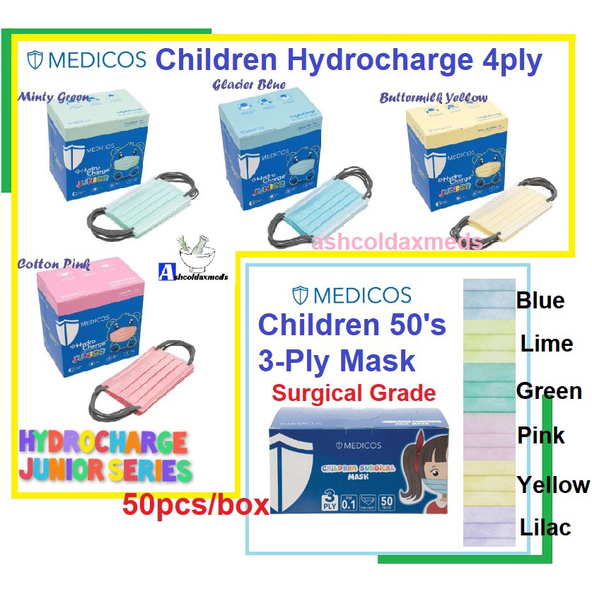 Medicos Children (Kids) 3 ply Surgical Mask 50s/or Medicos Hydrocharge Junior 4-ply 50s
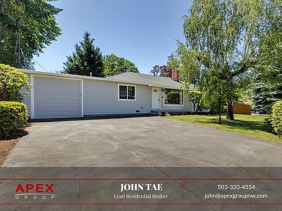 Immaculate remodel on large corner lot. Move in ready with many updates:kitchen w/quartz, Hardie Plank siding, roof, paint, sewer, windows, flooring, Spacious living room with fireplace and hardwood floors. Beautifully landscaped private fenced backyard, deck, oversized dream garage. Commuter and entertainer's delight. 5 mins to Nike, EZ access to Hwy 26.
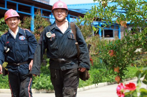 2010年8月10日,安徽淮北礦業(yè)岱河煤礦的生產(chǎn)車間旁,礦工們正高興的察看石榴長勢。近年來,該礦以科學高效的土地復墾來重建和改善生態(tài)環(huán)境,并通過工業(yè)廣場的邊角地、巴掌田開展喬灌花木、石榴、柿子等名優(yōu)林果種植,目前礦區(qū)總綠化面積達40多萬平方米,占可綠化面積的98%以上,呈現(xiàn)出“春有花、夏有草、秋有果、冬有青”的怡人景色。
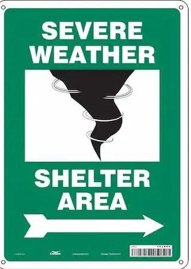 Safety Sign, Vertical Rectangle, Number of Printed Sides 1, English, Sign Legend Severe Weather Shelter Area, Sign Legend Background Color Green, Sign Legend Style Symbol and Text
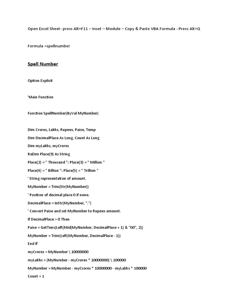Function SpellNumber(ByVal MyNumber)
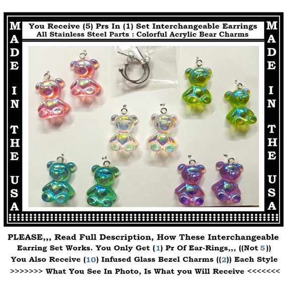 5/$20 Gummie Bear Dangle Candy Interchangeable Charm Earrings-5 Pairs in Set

##############################

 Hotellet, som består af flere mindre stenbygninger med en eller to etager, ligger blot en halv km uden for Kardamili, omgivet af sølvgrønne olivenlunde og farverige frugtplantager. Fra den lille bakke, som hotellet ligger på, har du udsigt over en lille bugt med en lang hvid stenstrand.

##############################

■ EXERCISE DIRECTIONS
Would you write out exactly the lines above, starting at the line containing "Safety Sign, Vertical" and stopping after the line containing "5/$20 Gummie Bear"? Omit the pictures.

■ ANSWER TO THIS TASK
 Safety Sign, Vertical Rectangle, Number of Printed Sides 1, English, Sign Legend Severe Weather Shelter Area, Sign Legend Background Color Green, Sign Legend Style Symbol and Text
Function SpellNumber(ByVal MyNumber)
 5/$20 Gummie Bear Dangle Candy Interchangeable Charm Earrings-5 Pairs in Set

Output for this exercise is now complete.